The BIR is delighted to support an exciting exhibition of Xograms by BIR artist-in-residence Hugh Turvey at the gallery@oxo, Oxo Tower Wharf, Bargehouse Street, South Bank, London, SE1 9PH.
Opening in Valentine’s week from 12 – 23 February 2014 the exhibition is called X-POSÉ: MATERIAL AND SURFACE and admission is free!
About X-POSÉ
X marks the spot.It takes complex interactions of light interference, reflection and diffraction to ‘focus’ X-ray. Photographer Hugh Turvey, focuses this fantastical ‘light’ to illuminate the liminal shadow-spaces of the material world. X denotes the unknown.
Hugh is an artist looking for transparency in a smoke-and-mirrors world of spin and media manipulation. Where Man Ray’s Rayographs revealed an
exterior shadow, Hugh Turvey’s Xograms offer us both exterior and interior shadows, revealing a depth and density to the stuff of life that would otherwise remain hidden.
X is for magnification. How deep do you want to go? In focusing on the in-between, Turvey makes the everyday appear uncommon, creating transcendent images that gift us an extraordinary way of seeing and knowing. For the artist, the delicate tension remains how much light to let in. As one part of the image emerges another necessarily fades. Like night moving into day it is this point of transference that intrigues.

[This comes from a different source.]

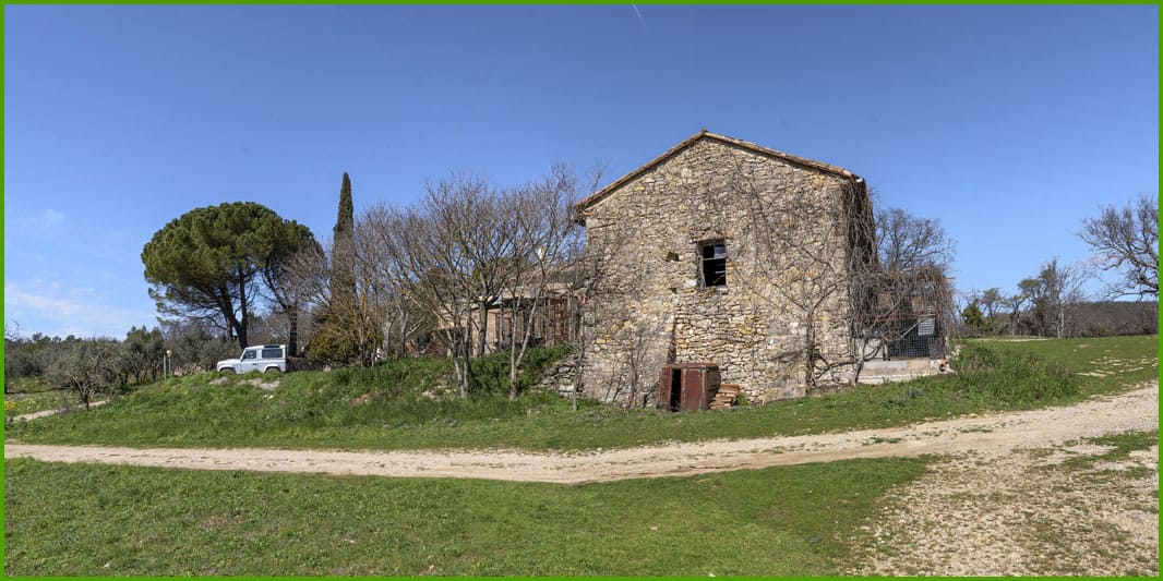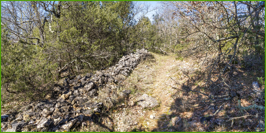 En arrivant sur le GR, prendre à gauche plein Nord. Après 90 m vous arrivez sur un carrefour de piste. Prendre celle qui continue en face sur le GR. De là vous allez parcourir 700 m et gravir 70 m sur un chemin caillouteux avant d’arriver au niveau du hameau de Valensole. Le hameau de Valensole est situé sur un petit mamelon. Il est composé de deux maisons et de leurs annexes. Traverser en restant sur le GR, le chemin redescend presque aussitôt. Passer à la droite d’un vieux puit, marcher 110m avant de quitter la piste pour un petit sentier caillouteux qui monte à droite. Ce sentier est toujours balisé GR99. Après 450 m, vous arrivez sur un plateau. De vieux murs de soutènement effondrés bordent le sentier. Continuer 150 plein Nord avant de sortir sur une large piste.

X proffers a kiss.An antidote to popular culture’s obsession with the superficial, Hugh Turvey’s meticulously crafted work is a celebration of his passion for the technology. The consummation of material and surface sings of a love that is deep and substantial, a love that comes from within and without.
About Hugh Turvey’s Xogram work
Hugh Turvey is an artist with an international reputation. His Xogram work is held in public and private collections throughout the world. Bridging the gap between art and science, graphic design and pure photography, it has been utilised in a myriad of applications, including commercially, for marketing and advertising, in TV and film and by architects and interior designers.
Along with developing a body of work for the Science Photo Library, Hugh Turvey has collaborated on an ebook and iPad app called ‘X is for X-ray’ launched at the Radiological Society of North America (RSNA) in Chicago. His Xogram work has also been widely featured in newspaper articles and magazines around the world.
Among his commercial projects, he has made six award-winning TV adverts, using ground breaking Motion X-Ray. For the past three years he has been working with Waitrose UK on celebrity chef Heston Blumenthal’s ranges and has had images commissioned by L’Oreal, Paris.
Hugh’s Xogram work has starred in 2011 French feature film Et Soudain, Tout Le Monde Me Manque and is on permanent display in Sir Isaac’s Loft at the Franklin Institute Science Museum, Philadelphia. Most recently, his Flora X-ray photographs were selected as a key motif to run throughout the newly refurbished Maslow Hotel in Johannesburg.
Looking to the future, Hugh is a pioneering creative practitioner for better healthcare environments. He has worked on large-scale art installation projects in hospitals in Germany, UK and USA and his Wellcome Trust sponsored inr-i project has been touring hospitals in the UK since 2011. He is currently part of a ‘communicative’ art research team at University College Hospital, London that is creatively thinking about ways to improve patient experience.